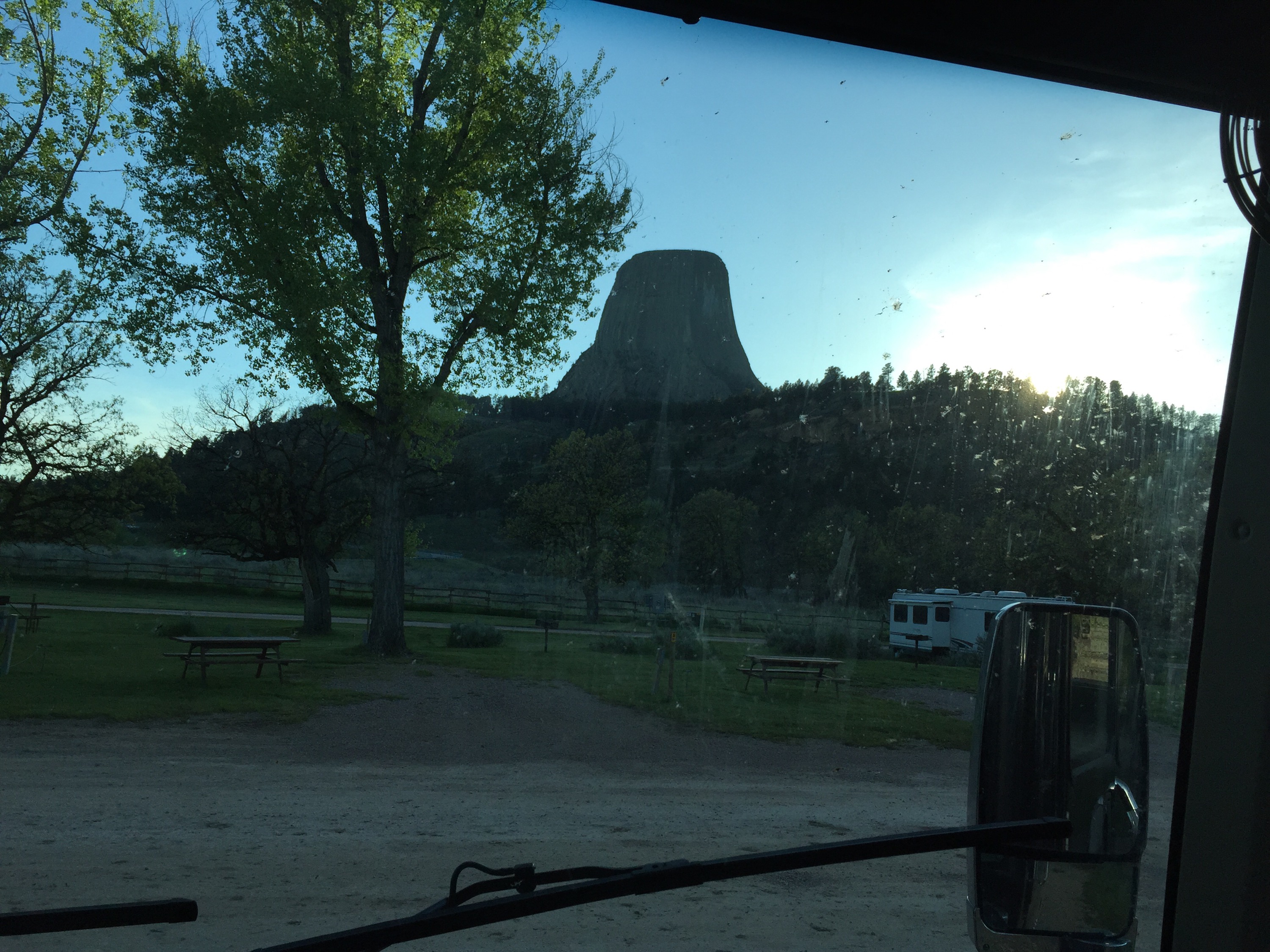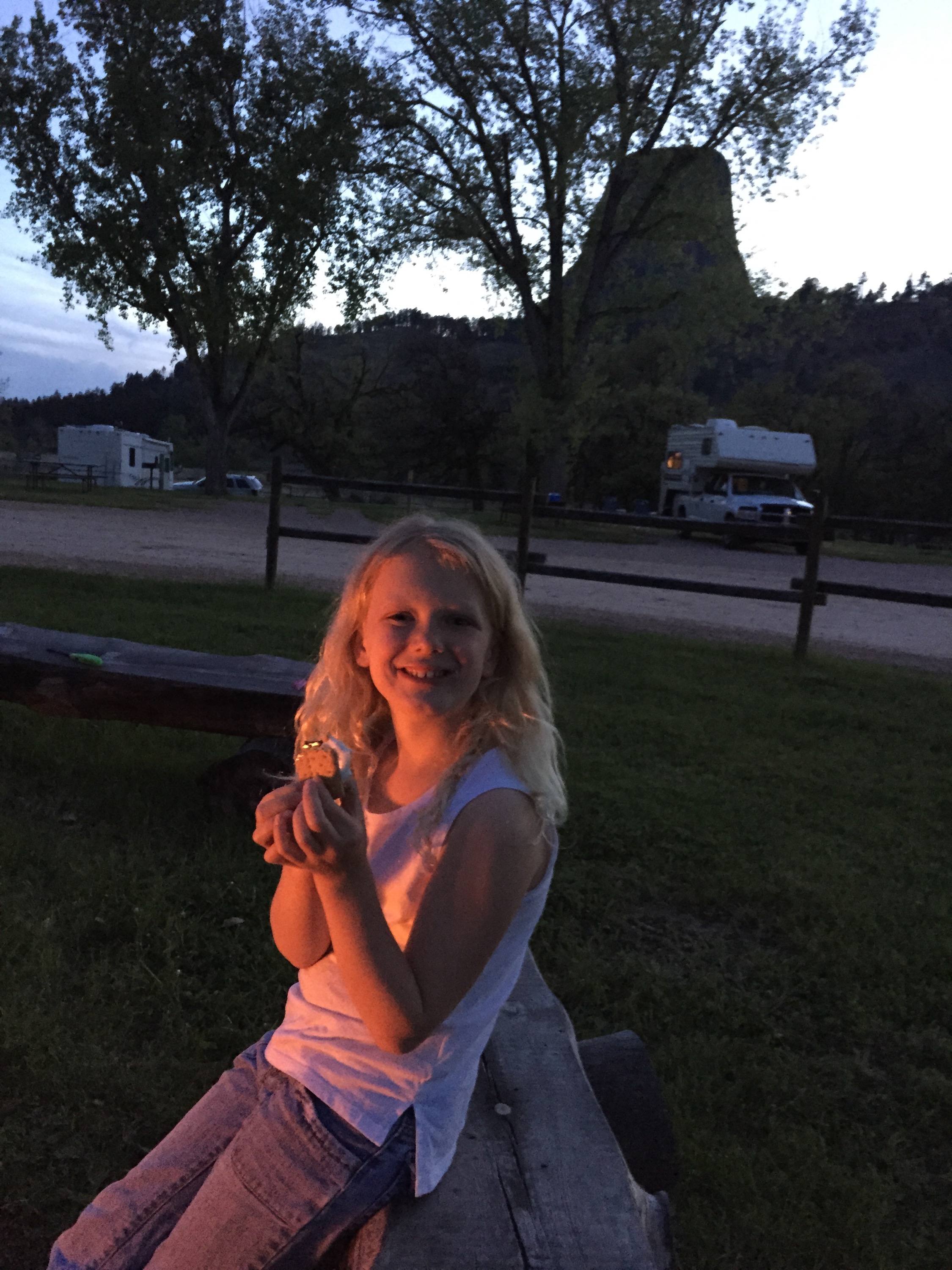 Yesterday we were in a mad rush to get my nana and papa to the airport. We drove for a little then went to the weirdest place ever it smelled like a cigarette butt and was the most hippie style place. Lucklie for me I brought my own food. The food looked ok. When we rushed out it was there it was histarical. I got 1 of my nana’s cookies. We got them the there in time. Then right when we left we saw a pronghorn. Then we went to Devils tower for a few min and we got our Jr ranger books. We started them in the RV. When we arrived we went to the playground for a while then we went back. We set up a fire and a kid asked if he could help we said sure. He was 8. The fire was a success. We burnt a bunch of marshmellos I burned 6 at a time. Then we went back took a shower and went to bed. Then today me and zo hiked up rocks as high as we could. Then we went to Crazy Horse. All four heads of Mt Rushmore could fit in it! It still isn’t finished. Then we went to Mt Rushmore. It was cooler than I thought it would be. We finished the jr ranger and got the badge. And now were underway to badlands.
---
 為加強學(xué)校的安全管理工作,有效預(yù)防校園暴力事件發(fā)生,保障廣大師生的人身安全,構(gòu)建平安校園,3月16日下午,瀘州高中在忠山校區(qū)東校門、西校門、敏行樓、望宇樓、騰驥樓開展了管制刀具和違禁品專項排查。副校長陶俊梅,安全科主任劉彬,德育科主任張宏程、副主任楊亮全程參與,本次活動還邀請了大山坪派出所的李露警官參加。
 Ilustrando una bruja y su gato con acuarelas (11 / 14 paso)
==
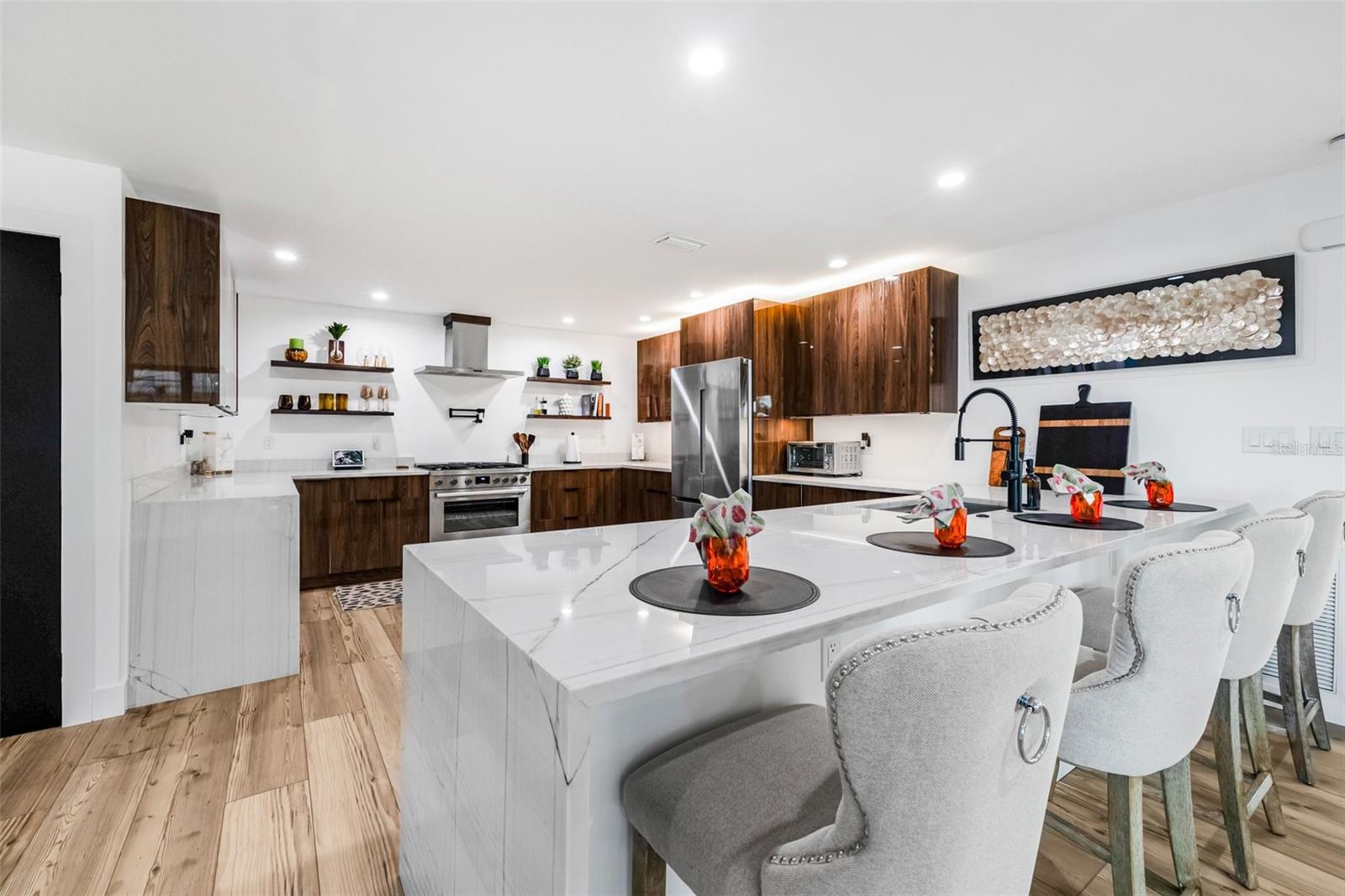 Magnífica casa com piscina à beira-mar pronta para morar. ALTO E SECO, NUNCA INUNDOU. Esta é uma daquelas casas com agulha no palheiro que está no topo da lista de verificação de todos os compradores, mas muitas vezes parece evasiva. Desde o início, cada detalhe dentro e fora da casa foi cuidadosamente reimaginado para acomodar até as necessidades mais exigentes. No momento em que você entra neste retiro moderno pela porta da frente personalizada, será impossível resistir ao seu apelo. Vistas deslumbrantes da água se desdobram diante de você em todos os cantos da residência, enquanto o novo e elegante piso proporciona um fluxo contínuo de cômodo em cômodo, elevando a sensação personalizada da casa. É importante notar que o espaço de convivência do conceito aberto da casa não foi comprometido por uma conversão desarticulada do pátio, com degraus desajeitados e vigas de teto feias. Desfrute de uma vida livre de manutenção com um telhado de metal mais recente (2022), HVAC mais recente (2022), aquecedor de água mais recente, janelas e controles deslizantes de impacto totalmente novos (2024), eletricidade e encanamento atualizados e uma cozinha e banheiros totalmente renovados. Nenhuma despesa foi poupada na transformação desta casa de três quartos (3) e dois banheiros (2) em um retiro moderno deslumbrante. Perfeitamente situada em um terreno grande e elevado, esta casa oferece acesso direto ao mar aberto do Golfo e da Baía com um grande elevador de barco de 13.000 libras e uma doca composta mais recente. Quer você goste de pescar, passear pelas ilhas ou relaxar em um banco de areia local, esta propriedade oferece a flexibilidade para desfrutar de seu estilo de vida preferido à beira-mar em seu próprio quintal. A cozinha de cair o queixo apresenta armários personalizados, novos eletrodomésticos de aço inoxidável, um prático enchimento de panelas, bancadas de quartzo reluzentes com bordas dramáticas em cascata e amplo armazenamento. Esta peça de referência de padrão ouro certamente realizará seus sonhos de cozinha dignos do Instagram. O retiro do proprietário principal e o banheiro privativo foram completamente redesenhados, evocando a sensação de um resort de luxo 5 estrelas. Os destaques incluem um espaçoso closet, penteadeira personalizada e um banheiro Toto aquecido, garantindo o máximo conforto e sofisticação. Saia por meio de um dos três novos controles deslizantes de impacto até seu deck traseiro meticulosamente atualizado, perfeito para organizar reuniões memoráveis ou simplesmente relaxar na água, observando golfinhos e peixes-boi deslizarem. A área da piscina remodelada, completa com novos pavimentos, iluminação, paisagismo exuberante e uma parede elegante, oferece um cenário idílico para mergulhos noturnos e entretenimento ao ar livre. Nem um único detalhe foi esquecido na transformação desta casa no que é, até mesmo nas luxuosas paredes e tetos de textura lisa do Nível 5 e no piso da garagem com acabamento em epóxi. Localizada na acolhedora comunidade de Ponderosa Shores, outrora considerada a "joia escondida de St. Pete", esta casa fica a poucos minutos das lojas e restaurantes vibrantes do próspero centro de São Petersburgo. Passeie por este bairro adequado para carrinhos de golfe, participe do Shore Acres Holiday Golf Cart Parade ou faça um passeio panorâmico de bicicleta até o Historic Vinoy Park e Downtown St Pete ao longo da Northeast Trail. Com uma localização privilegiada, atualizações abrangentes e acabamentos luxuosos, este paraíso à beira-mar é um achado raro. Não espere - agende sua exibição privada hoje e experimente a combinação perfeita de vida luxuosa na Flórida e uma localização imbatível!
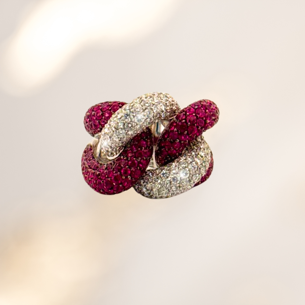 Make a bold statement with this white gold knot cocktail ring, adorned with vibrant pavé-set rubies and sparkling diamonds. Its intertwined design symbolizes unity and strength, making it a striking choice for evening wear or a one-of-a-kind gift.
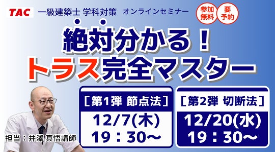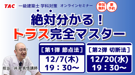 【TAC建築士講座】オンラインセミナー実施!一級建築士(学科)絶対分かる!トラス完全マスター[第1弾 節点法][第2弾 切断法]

● **Work instruction**
From the line holding "為加強學(xué)校的安全管" to the line holding "Ilustrando una bruja", inclusive, restate each line above exactly as written.

● **Answer space**
 為加強學(xué)校的安全管理工作,有效預(yù)防校園暴力事件發(fā)生,保障廣大師生的人身安全,構(gòu)建平安校園,3月16日下午,瀘州高中在忠山校區(qū)東校門、西校門、敏行樓、望宇樓、騰驥樓開展了管制刀具和違禁品專項排查。副校長陶俊梅,安全科主任劉彬,德育科主任張宏程、副主任楊亮全程參與,本次活動還邀請了大山坪派出所的李露警官參加。
 Ilustrando una bruja y su gato con acuarelas (11 / 14 paso)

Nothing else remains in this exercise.